Looks like a very nice installation job.
As to what temperature, the answer is "it depends."
If you want to go as fast as possible, your objective is to get the car cooled down as much as possible between runs. The 160 thermostat and fan switch will help you a lot. Basically whenever the car is hot, you want to run the fans as much as you safely can w/o running your battery dead. If this is the way you decide to go, carry a set of jumper cables to be safe.
For bracket racing where you want your ¼-mile times to be as consistent as possible, you want to keep your temperate as consistent as possible. It doesn’t particularly matter what you pick as long as it’s the same each time. The fan switch is also very helpful in managing your temp as long as you watch your gauge.
However, the factory water temperature gauge is a totally worthless piece of crap.
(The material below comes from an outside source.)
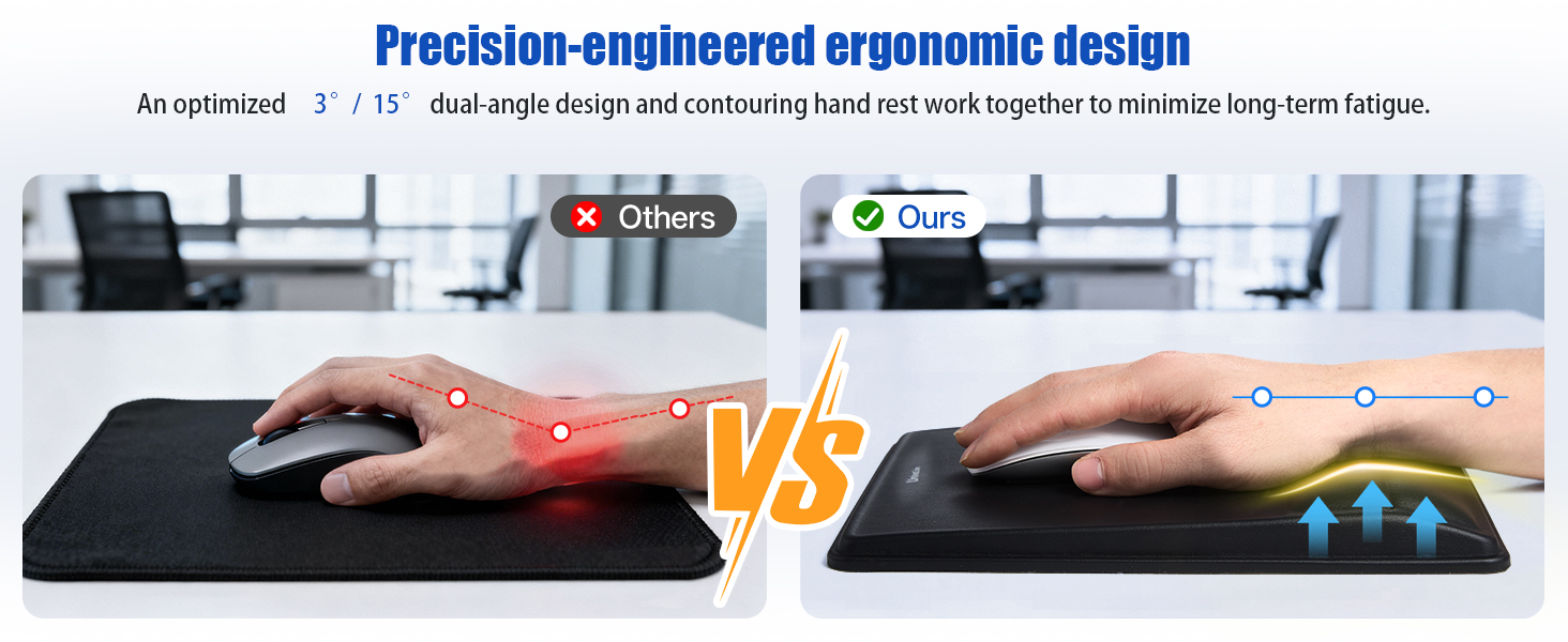 【تصميم مريح ودعم مطابق】 تتميز لوحة الماوس لدينا بمسند معصم مزدوج الانحدار 8 درجات و14 درجة مصمم لتخفيف آلام المعصم وعدم الراحة بشكل فعال. جنبًا إلى جنب مع الإسفنج الذكي المبطن ذو الارتداد البطيء الذي يحيط بمعصمك - ولا يضغط فقط - فهو يوزع الضغط بفعالية لتقليل الضغط وتقليل التعب أثناء جلسات العمل أو الألعاب الطويلة.

I had heard this before but never realized how bad it is until I installed a digital gauge last week. Until last fall, I always ran as cold as possible but switched to running at full temperature after I replaced my valve springs because CompCam’s instructions had very emphatic warnings not to exceed 4,000 rpm’s until after the car has been warmed up.
My prior observation had been that the stock gauge gradually rises from cold until it reaches operating temperature at which was point it settles in pointing very steadily slightly left of straight up. I figured that was about 180°. WRONG!!! What I now know is that it reaches straight up at about 170°. After that, it doesn’t matter what the real temperature is. The needle will continue to sit in the same spot for anything up to 230°. As an addicted bracket racer I was really pissed. My car had been very consistent until this year and now I know why my times have recently been all over the place.
So, I would suggest keeping the temp below 170 (where the stock gauge has some value) or else investing in an aftermarket temperature gauge if you want to run warmer.
Last edited by Mr Ed; 07-07-2006 at 03:39 PM.